Print the listing below word for word, but drop any pictures it contains.

• RECORDS FOR PROCESSING:
=====
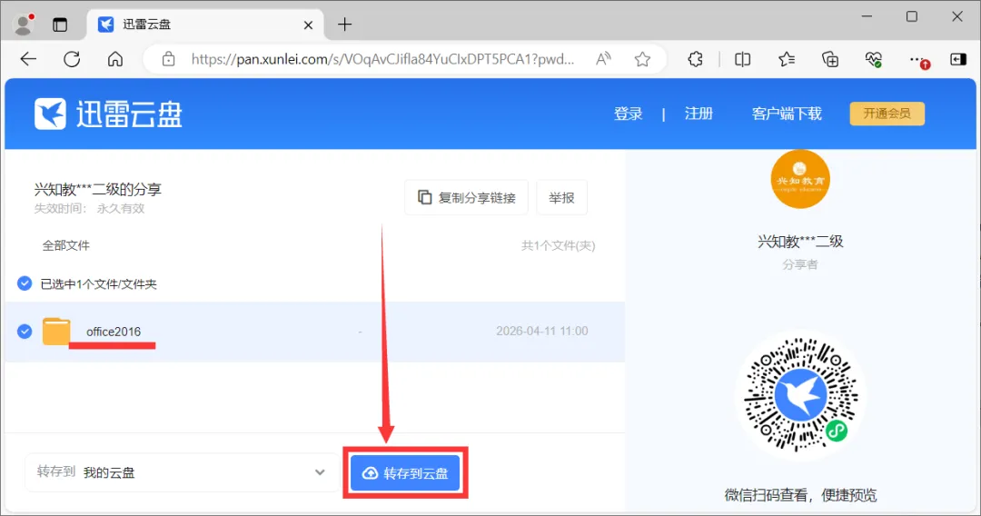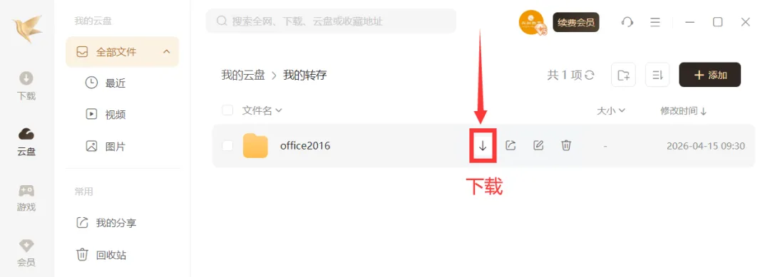 | (4)在迅雷云盘里找到“office2016”文件夹并下载到电脑上 |
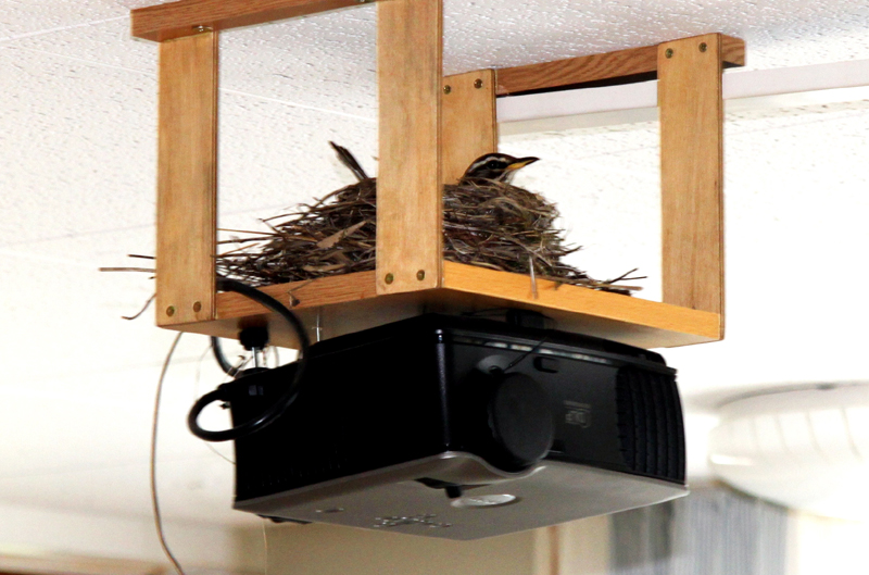 En náttúran gekk til liðs við skólann og oddvitann. Skyndilega fjölgaði um fimm í skólanum. Þröstur einn ákvað að nýta sér ónotað húsnæði skólans til hreiðurgerðar og liggur hann þar nú á fimm eggjum.
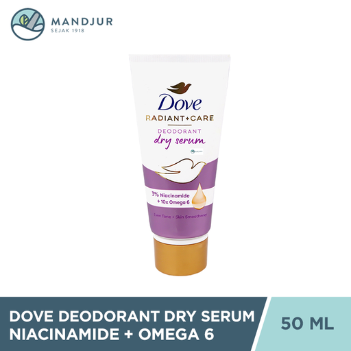 DoveDove Deodorant Dry Serum Radiant Care Niacinamide + Omega 6 merupakan serum ketiak yang diperkaya dengan 3% Niacinamide + 10x Omega 6 untuk membant...
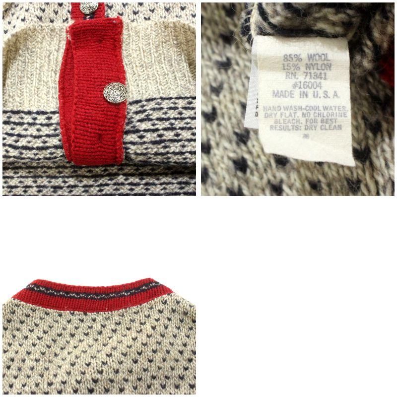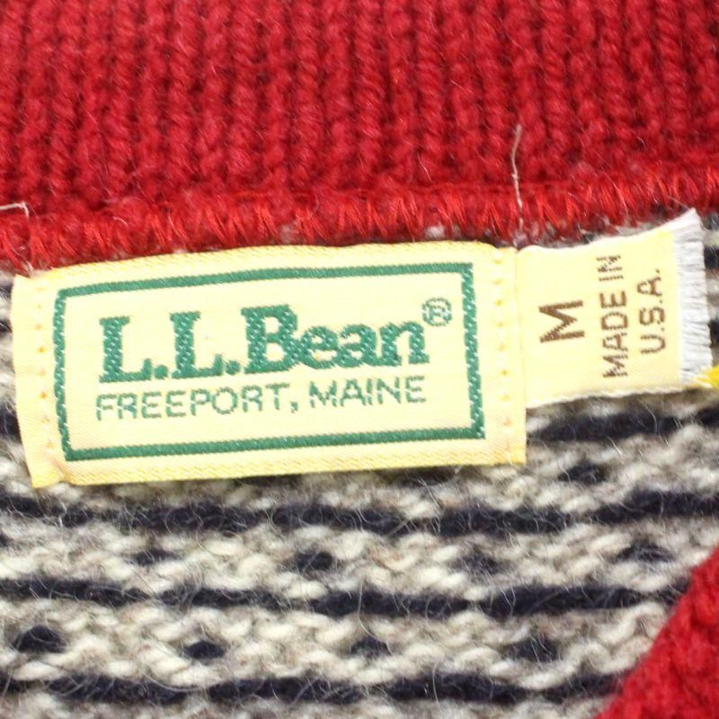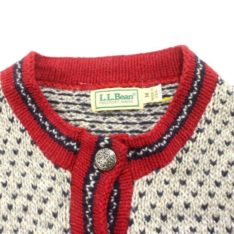 80s USA製 vintage L.L.Bean バーズアイ柄 メタルボタン ニットカーディガン レディース 表記Mサイズ
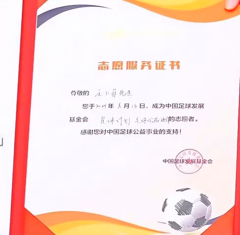 從中國足球發展基金會所頒發的證書來看,上面寫著的是汪小菲一個人的名字,感謝他對中國足球公益事業做貢獻。
=====
• TASK RESPONSE:
 | (4)在迅雷云盘里找到“office2016”文件夹并下载到电脑上 |
 En náttúran gekk til liðs við skólann og oddvitann. Skyndilega fjölgaði um fimm í skólanum. Þröstur einn ákvað að nýta sér ónotað húsnæði skólans til hreiðurgerðar og liggur hann þar nú á fimm eggjum.
 DoveDove Deodorant Dry Serum Radiant Care Niacinamide + Omega 6 merupakan serum ketiak yang diperkaya dengan 3% Niacinamide + 10x Omega 6 untuk membant...
 80s USA製 vintage L.L.Bean バーズアイ柄 メタルボタン ニットカーディガン レディース 表記Mサイズ
 從中國足球發展基金會所頒發的證書來看,上面寫著的是汪小菲一個人的名字,感謝他對中國足球公益事業做貢獻。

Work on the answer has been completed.